— Exercise prompt —
Omit all images, then repeat exactly the lines below from the one containing "Handmade Bracelet using" through the one containing "In what could", both ends included.

— Material shown —
= Beginning of Section =

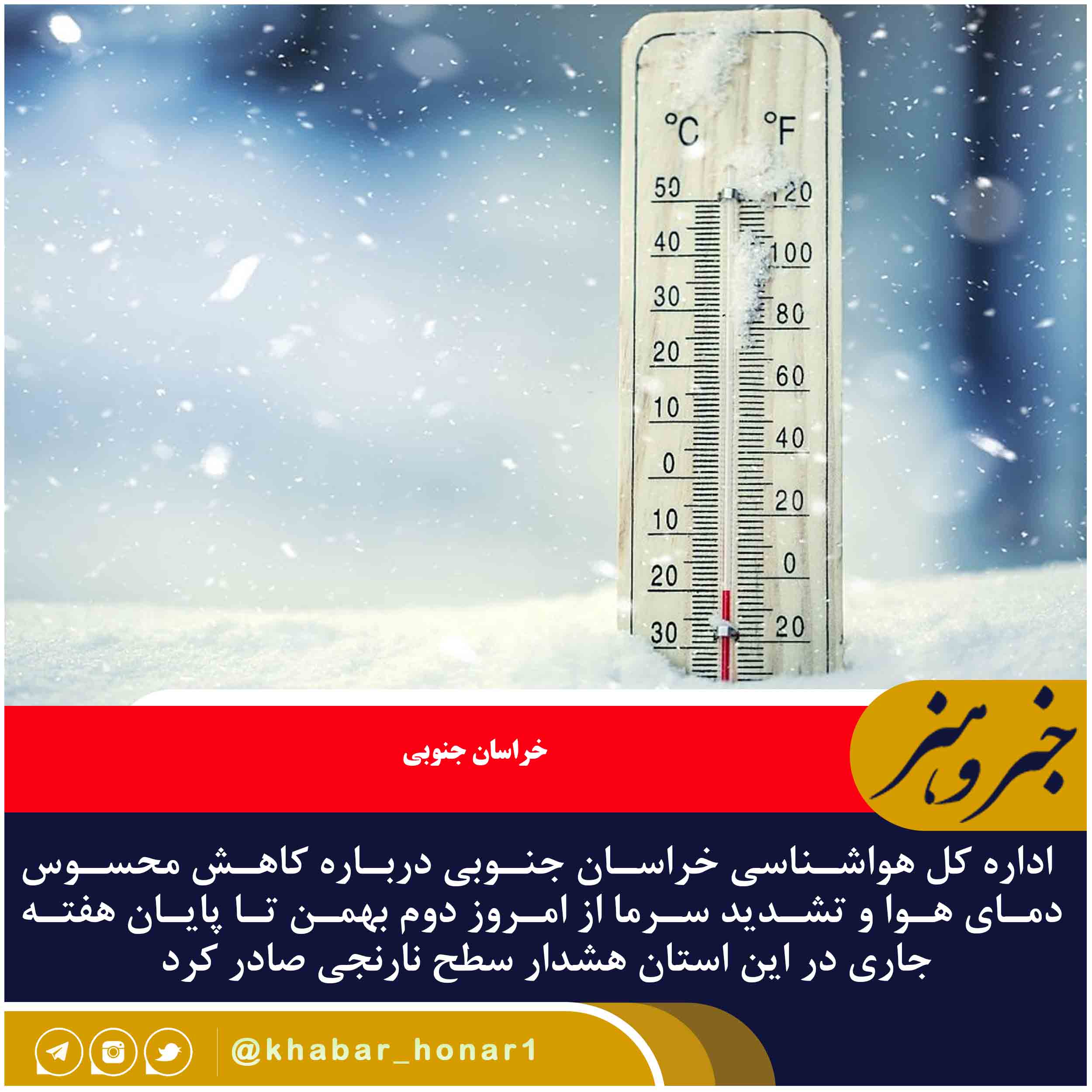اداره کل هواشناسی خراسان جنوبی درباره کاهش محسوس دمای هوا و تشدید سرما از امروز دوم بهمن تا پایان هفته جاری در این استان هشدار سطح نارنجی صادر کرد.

= End of Section =
= Beginning of Section =

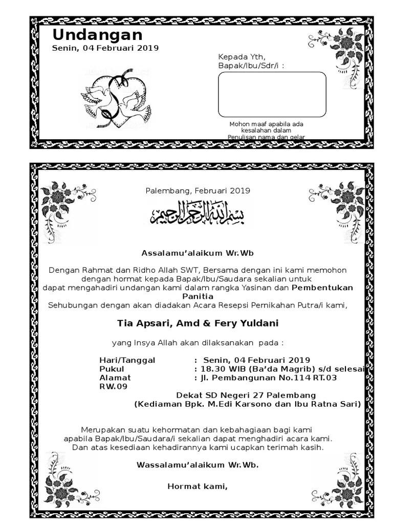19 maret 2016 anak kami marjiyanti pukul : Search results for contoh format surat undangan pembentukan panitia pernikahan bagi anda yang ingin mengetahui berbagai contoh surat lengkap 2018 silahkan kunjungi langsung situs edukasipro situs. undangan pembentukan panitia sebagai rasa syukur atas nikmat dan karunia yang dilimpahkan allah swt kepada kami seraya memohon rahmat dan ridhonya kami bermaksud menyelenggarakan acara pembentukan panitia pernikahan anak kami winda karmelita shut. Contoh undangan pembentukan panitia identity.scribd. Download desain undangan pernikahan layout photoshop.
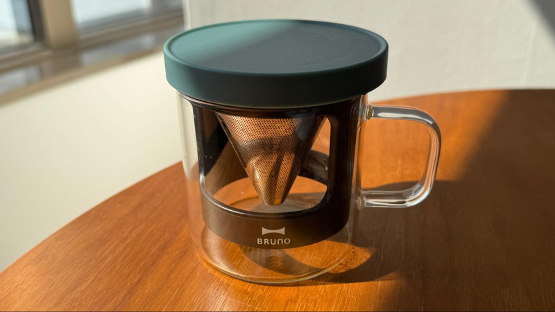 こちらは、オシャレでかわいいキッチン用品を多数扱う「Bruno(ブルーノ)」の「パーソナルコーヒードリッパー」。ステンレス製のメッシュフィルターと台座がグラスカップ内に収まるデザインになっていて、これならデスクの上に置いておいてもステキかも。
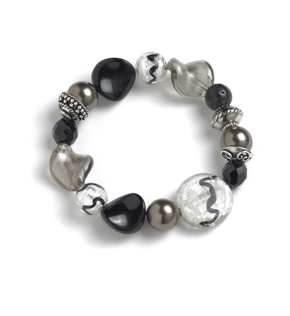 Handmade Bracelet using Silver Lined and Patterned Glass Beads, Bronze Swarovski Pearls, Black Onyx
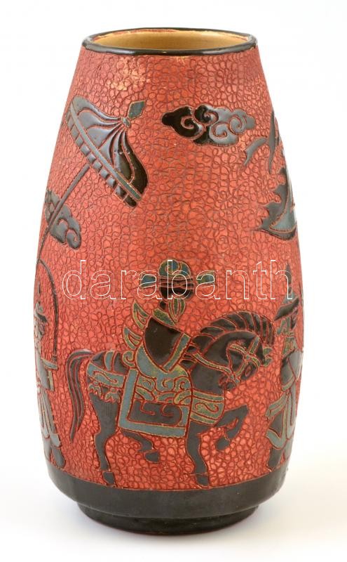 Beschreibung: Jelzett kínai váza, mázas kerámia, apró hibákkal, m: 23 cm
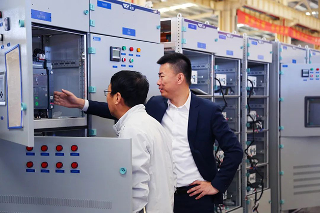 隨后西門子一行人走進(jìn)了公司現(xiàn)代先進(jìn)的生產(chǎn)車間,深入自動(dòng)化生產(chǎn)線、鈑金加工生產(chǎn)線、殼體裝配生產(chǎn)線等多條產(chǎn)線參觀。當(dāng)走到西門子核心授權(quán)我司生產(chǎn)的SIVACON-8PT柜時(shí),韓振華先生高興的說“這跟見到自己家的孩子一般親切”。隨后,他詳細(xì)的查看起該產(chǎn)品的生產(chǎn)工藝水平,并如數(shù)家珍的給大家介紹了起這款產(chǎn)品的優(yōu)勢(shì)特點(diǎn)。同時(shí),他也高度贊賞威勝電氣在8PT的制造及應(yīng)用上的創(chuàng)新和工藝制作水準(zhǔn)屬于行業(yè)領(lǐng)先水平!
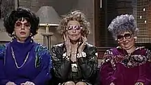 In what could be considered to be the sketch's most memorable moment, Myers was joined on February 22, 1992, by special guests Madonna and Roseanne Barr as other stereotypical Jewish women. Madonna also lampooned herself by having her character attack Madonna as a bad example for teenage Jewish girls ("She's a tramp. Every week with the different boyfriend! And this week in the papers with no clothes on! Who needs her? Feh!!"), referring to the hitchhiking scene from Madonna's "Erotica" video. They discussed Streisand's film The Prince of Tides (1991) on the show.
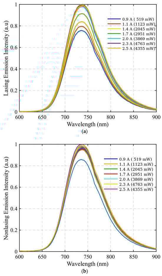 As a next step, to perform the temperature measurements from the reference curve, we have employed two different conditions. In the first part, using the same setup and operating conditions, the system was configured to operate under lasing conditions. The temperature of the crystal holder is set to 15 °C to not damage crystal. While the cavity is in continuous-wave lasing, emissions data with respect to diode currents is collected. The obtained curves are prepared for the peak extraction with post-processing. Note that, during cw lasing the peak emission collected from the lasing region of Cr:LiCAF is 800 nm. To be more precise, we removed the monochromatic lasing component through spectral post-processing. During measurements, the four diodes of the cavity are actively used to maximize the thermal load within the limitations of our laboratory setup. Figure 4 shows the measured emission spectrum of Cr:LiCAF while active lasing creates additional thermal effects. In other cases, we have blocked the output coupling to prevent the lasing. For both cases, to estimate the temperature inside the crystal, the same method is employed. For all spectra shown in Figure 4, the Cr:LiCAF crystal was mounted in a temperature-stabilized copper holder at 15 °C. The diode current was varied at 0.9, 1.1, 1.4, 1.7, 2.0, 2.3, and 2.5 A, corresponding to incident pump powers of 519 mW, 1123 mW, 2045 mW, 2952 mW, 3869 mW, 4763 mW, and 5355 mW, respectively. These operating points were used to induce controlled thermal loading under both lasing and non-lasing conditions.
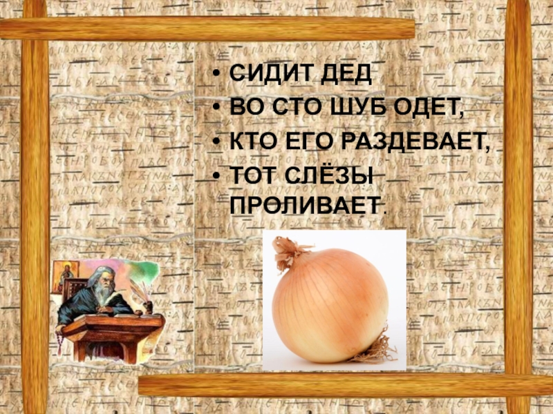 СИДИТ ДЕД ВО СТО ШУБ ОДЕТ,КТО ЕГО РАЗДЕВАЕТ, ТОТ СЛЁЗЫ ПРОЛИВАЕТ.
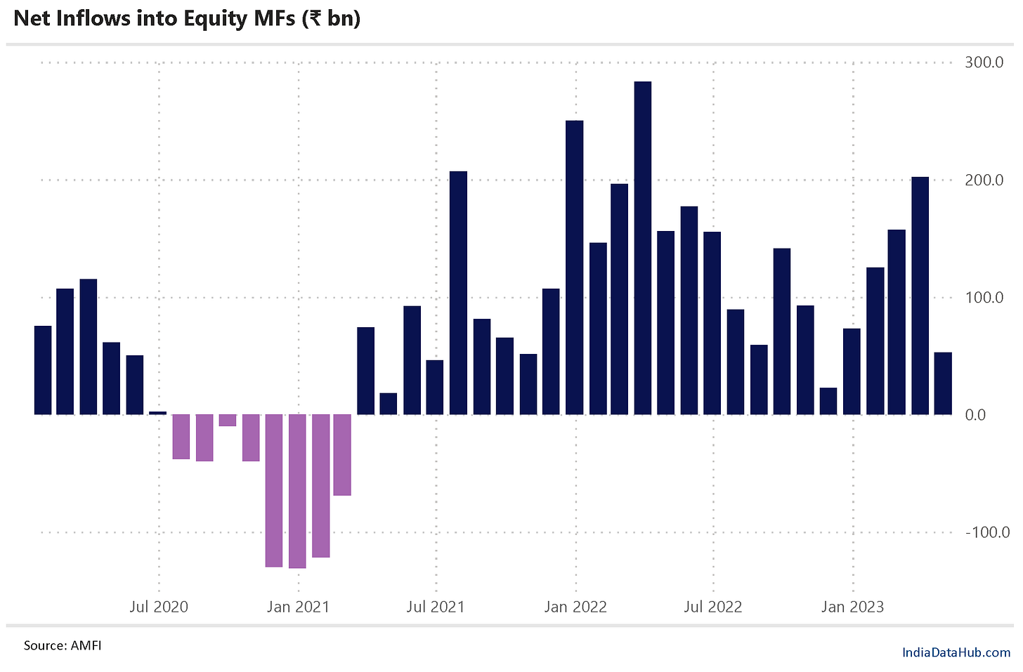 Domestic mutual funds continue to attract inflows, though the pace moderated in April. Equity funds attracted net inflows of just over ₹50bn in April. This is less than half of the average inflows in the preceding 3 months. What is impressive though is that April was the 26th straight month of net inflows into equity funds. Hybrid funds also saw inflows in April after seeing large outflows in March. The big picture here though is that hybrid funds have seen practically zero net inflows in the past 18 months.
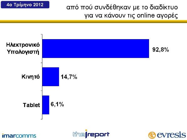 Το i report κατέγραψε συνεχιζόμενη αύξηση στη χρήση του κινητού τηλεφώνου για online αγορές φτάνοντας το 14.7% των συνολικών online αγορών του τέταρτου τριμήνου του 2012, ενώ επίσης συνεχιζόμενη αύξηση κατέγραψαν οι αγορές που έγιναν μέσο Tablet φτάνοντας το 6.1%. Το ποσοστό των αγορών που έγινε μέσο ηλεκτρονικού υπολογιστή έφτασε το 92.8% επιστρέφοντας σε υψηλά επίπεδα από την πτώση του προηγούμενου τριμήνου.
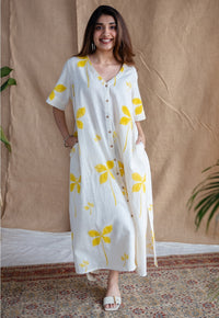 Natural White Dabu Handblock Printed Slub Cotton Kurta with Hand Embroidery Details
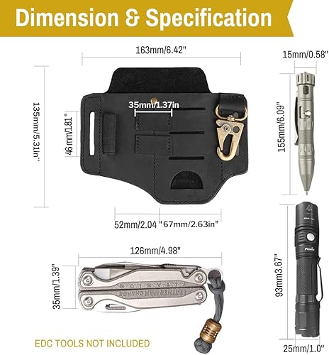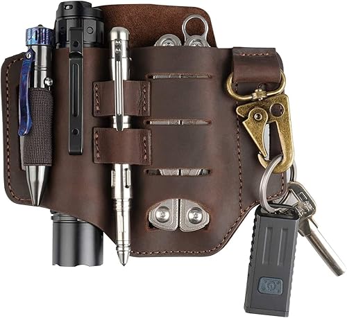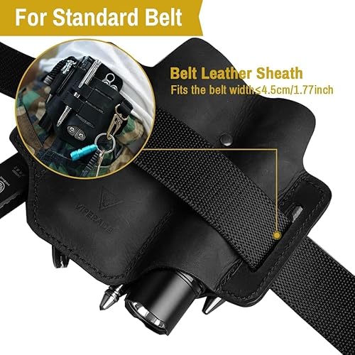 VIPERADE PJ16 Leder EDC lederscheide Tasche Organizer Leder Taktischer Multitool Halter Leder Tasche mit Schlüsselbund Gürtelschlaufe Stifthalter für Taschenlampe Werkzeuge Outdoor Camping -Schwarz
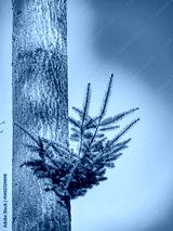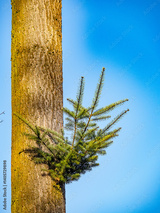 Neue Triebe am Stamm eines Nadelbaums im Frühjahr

= End of Section =
= Beginning of Section =

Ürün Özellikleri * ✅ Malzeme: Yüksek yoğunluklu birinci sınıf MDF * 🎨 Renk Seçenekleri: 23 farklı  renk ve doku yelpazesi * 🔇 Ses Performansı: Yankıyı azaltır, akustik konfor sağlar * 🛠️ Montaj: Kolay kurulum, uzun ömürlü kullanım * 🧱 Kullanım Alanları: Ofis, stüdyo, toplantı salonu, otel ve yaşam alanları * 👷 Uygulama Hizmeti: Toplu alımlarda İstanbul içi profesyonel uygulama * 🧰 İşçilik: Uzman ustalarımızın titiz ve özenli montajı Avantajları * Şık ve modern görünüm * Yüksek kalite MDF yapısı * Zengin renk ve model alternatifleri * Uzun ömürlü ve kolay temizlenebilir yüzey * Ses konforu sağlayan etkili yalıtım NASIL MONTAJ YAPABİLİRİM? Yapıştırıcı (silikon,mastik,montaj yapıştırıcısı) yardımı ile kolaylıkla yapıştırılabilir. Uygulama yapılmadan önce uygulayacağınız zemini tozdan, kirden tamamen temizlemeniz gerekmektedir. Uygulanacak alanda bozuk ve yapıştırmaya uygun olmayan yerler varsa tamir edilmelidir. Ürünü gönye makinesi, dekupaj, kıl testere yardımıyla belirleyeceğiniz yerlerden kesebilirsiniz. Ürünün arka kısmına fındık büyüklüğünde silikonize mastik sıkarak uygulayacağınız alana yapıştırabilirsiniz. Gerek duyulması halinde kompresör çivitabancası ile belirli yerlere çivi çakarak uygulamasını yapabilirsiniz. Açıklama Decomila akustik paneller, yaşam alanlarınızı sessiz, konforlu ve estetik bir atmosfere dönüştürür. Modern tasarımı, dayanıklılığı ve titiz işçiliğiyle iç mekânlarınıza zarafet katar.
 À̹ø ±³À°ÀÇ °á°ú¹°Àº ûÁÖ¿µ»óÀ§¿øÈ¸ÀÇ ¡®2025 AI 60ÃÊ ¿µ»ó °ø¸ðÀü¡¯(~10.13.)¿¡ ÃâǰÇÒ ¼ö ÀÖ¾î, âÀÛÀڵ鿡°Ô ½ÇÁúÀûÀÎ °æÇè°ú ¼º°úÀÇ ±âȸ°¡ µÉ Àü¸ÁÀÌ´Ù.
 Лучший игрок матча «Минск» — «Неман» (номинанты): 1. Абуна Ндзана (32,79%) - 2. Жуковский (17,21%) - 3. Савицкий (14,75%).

= End of Section =

— Output of the exercise —
 Handmade Bracelet using Silver Lined and Patterned Glass Beads, Bronze Swarovski Pearls, Black Onyx
 Beschreibung: Jelzett kínai váza, mázas kerámia, apró hibákkal, m: 23 cm
 隨后西門子一行人走進(jìn)了公司現(xiàn)代先進(jìn)的生產(chǎn)車間,深入自動(dòng)化生產(chǎn)線、鈑金加工生產(chǎn)線、殼體裝配生產(chǎn)線等多條產(chǎn)線參觀。當(dāng)走到西門子核心授權(quán)我司生產(chǎn)的SIVACON-8PT柜時(shí),韓振華先生高興的說“這跟見到自己家的孩子一般親切”。隨后,他詳細(xì)的查看起該產(chǎn)品的生產(chǎn)工藝水平,并如數(shù)家珍的給大家介紹了起這款產(chǎn)品的優(yōu)勢(shì)特點(diǎn)。同時(shí),他也高度贊賞威勝電氣在8PT的制造及應(yīng)用上的創(chuàng)新和工藝制作水準(zhǔn)屬于行業(yè)領(lǐng)先水平!
 In what could be considered to be the sketch's most memorable moment, Myers was joined on February 22, 1992, by special guests Madonna and Roseanne Barr as other stereotypical Jewish women. Madonna also lampooned herself by having her character attack Madonna as a bad example for teenage Jewish girls ("She's a tramp. Every week with the different boyfriend! And this week in the papers with no clothes on! Who needs her? Feh!!"), referring to the hitchhiking scene from Madonna's "Erotica" video. They discussed Streisand's film The Prince of Tides (1991) on the show.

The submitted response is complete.